Is de toekomst van AI-ontwikkeling open of gesloten? Zowel Intel als Nvidia hebben die vraag inmiddels beantwoord, zij het met tegenovergestelde visies.
Ontwikkelaars maken veelal gebruik van TensorFlow, een AI-platform dat oorspronkelijk door het Google Brain-team is ontwikkeld. Alles van dataverzameling tot training en inferencing is via dit platform te regelen. Voor de beste prestaties is het belangrijk om AI-workloads op GPU’s te draaien, die talloze berekeningen met duizenden cores tegelijk kunnen afronden. Idealiter zou TensorFlow een soort ‘AI-Zwitserland’ moeten zijn, waarbij eindgebruikers de optimale ondersteuning krijgen onafhankelijk van de hardware die ze kiezen.
Nvidia-GPU’s worden echter verreweg het best ondersteund. Zo werkt TensorFlow naadloos samen met CUDA en cuDNN, respectievelijk de API en library om Nvidia-hardware optimaal te laten draaien. Het zijn closed-source oplossingen die afhankelijk zijn van een expliciete integratie. Compatibiliteit met Intel is te realiseren via de open-source Intel Extension for TensorFlow, terwijl AMD-gebruikers via het tevens open-source ROCm pas later ondersteuning ontvangen voor de nieuwste versie.

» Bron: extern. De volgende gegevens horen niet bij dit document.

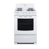 SUMMIT brings outstanding value to small kitchens with fully featured electric ranges in 24 in. W fits. RE2411W is a 220-Volt electric range designed for 24 in. wide spaces. One 8 in. and three 6 in. coil burners include removable chrome drip pans for easy cleaning.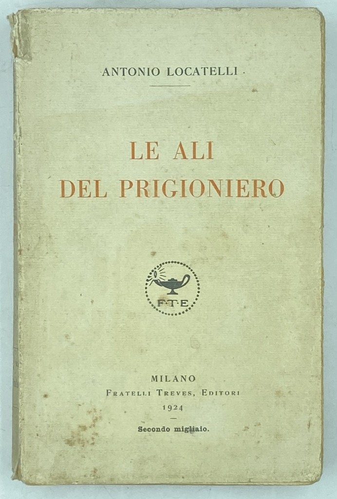 Brossura editoriale a stampa, cm 19 x 12.5, pp (8) 314 (2), ritratto all’antiporta. Discreto esemplare, segni d'uso sulla brossura e legatura un po' allentata nei primi fascicoli. Prima edizione, secondo migliaio, di questo racconto autobiografico del celebre aviatore che narra dell’abbattimento nel 1918, la cattura e prigionia nel campo di Sigmundsherberg, e la rocambolesca fuga. Pluridecorato pilota durante la Grande Guerra, Locatelli fu nel volo su Vienna con Gabriele D’Annunzio, che favorì la pubblicazione di questo suo libro e ne onorò, dopo la morte trovata come volontario in Etiopia, la memoria al Vittoriale. Boffito I, p. 252.

Het is één voorbeeld van vele: Nvidia geniet nagenoeg altijd de beste ondersteuning voor GPU-acceleratie. Voor AI-workloads, die momenteel verreweg het snelst draaien op GPU’s, geldt hetzelfde. Dat komt grotendeels doordat het al sinds 2006 aan CUDA werkt, een API voor GPU-acceleratie. Het geldt de facto als standaard in de software-industrie voor deze soort workloads en is exclusief aan Nvidia. Omdat jarenlang geen enkele andere vendor zich al te druk maakte om deze tak van sport, is de GPU-machtspositie van Nvidia enorm in de datacenterwereld.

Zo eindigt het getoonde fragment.